Nitin Gupta is the co-founder of LawPivot, an online market for legal services. He previously provided answers to the 10 most common questions of entrepreneurs. In this posting he explains the 10 biggest booby traps in term sheets from venture capitalists.
Although receiving a venture term sheet to fund your company is a cause for celebration, please consider the various booby traps that it may contain before you break out the party hats. This is a top 10 list of things an entrepreneur should understand about term sheets:
1. Valuation. Valuation. Valuation. Valuation is perhaps one of the biggest traps in a term sheet. Valuation means what you value your company before you go out to seek investment (for example, if you value your company at $2 million, and a new investor provides a $1 million investment, then the investor would have 33 percent of the company). A valuation that is too low is one an entrepreneur will soon regret. Essentially, you have given too much of the company to the investors relative to their investment. On the other hand, a valuation that is too high may cause you difficulties in a future round of investment if investors in those rounds think the deal is too pricey. The solution is to do your homework and study similar deals and consult folks in the industry given that valuation is a “black art” in private companies.
2. Resetting vesting. Look out for the fist in the velvet glove. Investors have a strong interest in keeping incentives for entrepreneurs to stay fully committed, i.e., to stay real hungry while the investors eat veal. One dial that they love to turn back is your vesting schedule. A typical vesting schedule will be based on a four year time period, in which your shares vest monthly in 1/48 increments of total shares (vesting means gaining control of your stock, such that it cannot be taken away). Oftentimes entrepreneurs are well into their vesting by the time money is within sight. Investors, however, want to make sure there is enough runway to keep the founders motivated all the way through an exit. This is a delicate negotiation where both sides have valid concerns. Be prepared to be flexible, but keep what you have earned in terms of equity. If investors are too brutal here in resetting vesting terms when you have worked full time for a known period, this may be real red flag.
3. Milestone-based financing. Sometimes investors want to break up the investment amounts over time and condition them on the achievement of milestones (for example, product development). However, as an entrepreneur, this reduces the certainty that you will receive the future financing amounts. Even if you are going to accept such milestone-based financing, make sure that you tightly define the milestones and limit the conditions that allow the Investor discretion on whether to do the financing.

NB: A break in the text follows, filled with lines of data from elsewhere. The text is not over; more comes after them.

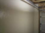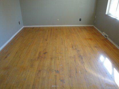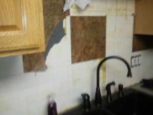 With wanting to make it feel larger, we are going to have to do some eye deceiving tricks. Our vanity is a large wood one that goes from the floor to the sink in a black formation. No openings to make it feel lighter or more spacious. It does seem someone else had attempted to make some changes by painting it white from the original dark wood. Unfortunately, they did not paint it correctly so its very streaky and you can see clumps of dirt in the paint. The same goes for the vanity mirror with medicine cabinet – which is wall mounted. Our goal for this area will be to make it feel more open. The sink area is right next to the door so it would be nice to open it up a bit.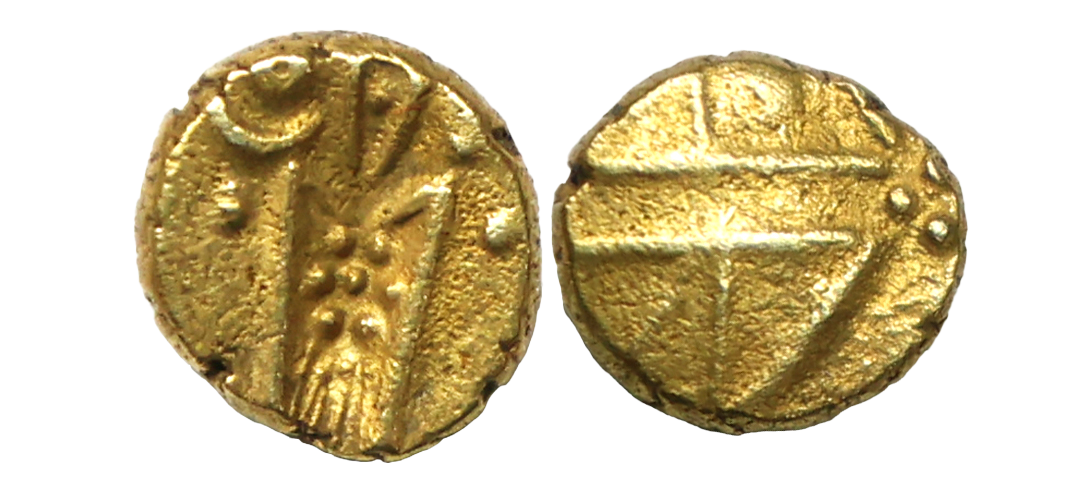 Medieval, Vira Raya type, Anonymous issue (17th-18th Century AD), Gold Fanam, 0.33 gms, Obv. very crude representation of a Lion, Rev. Crude Legend, very fine, scarce.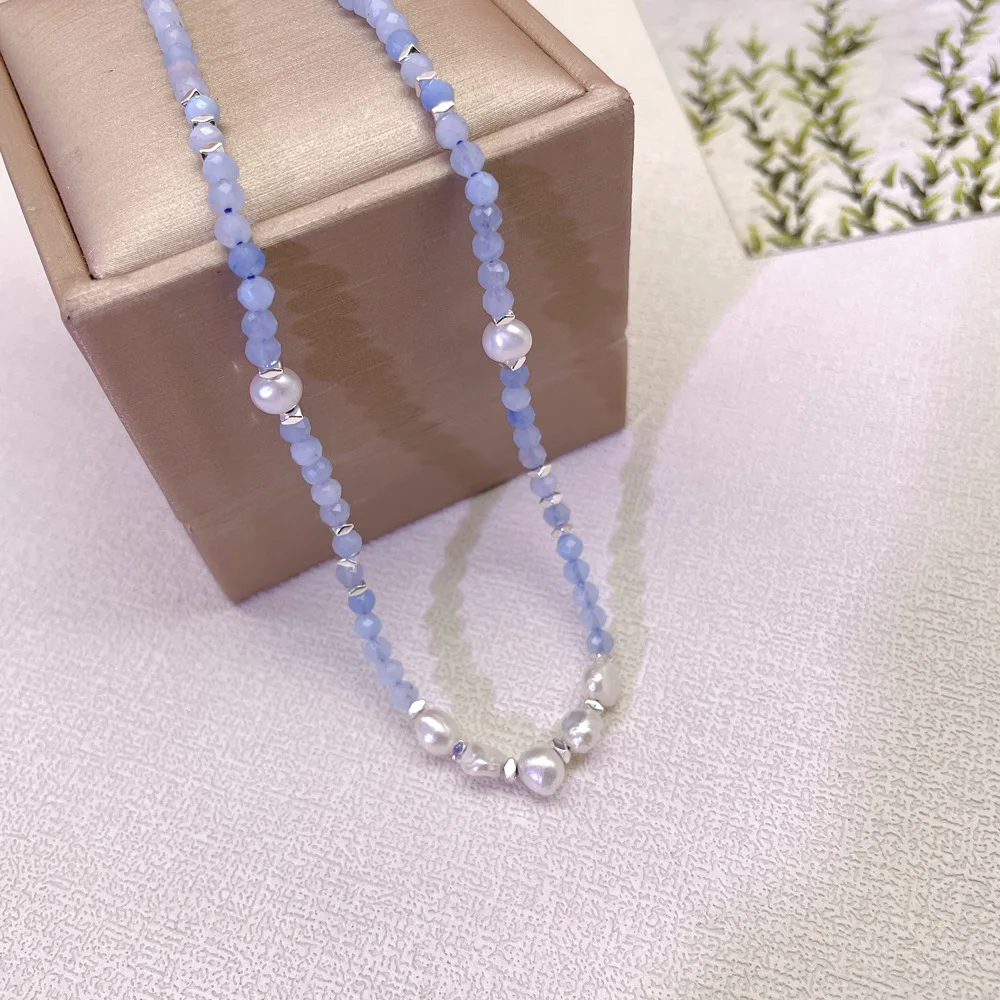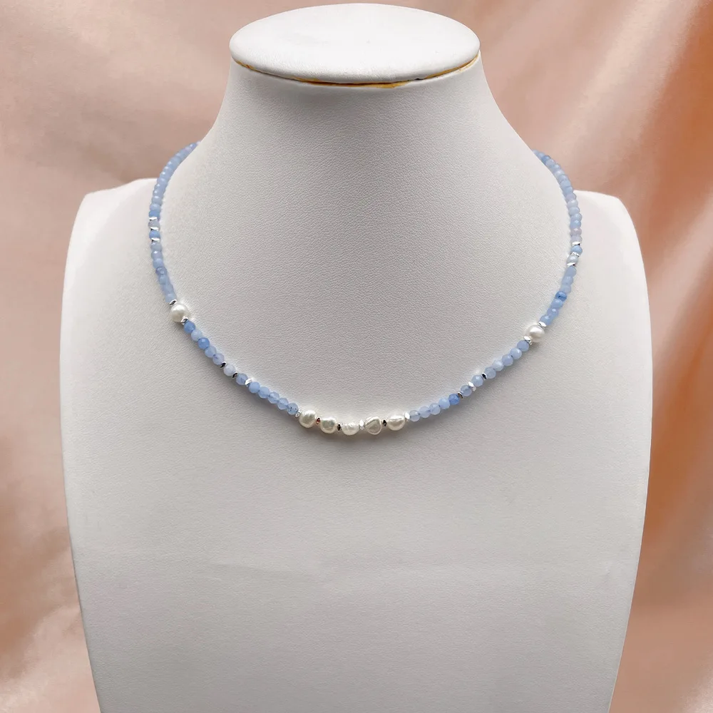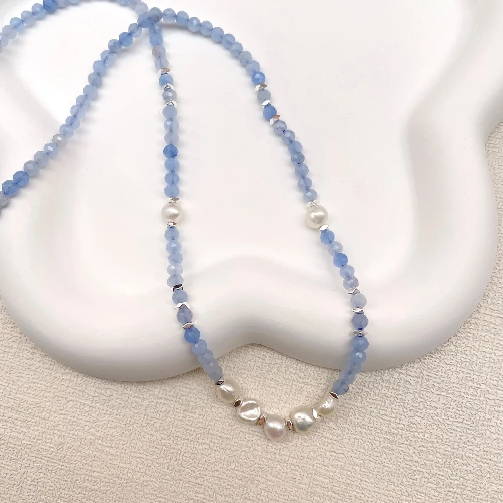 Trendy Aquamarine Toggle Necklace Simple Elegant Daily Wear with Broken Silver Baroque and Irregular Pearl Beads for Parties

If you miss the milestone, you have the double whammy of losing the investment tranche and having to look for money from a new source (assuming that you can without restriction).
4. Liquidation preferences. Ignore this at your peril! The liquidation preference is the part of the exit consideration that the preferred holders get in preference to the common holders (that is you!). A high liquidation preference (for example, receiving a high multiple of their investment first before common holders receive money upon an exit) can leave entrepreneurs out in the cold or greatly reduce what they receive upon exit of the company. Liquidation preference provisions come in many flavors and seemingly slight differences in the wording can have a huge impact. Beware of this one. The best one to hope for is a non-participating 1x preference, which means an investor receives an amount equal to the initial investment plus accrued and unpaid dividends upon an exit.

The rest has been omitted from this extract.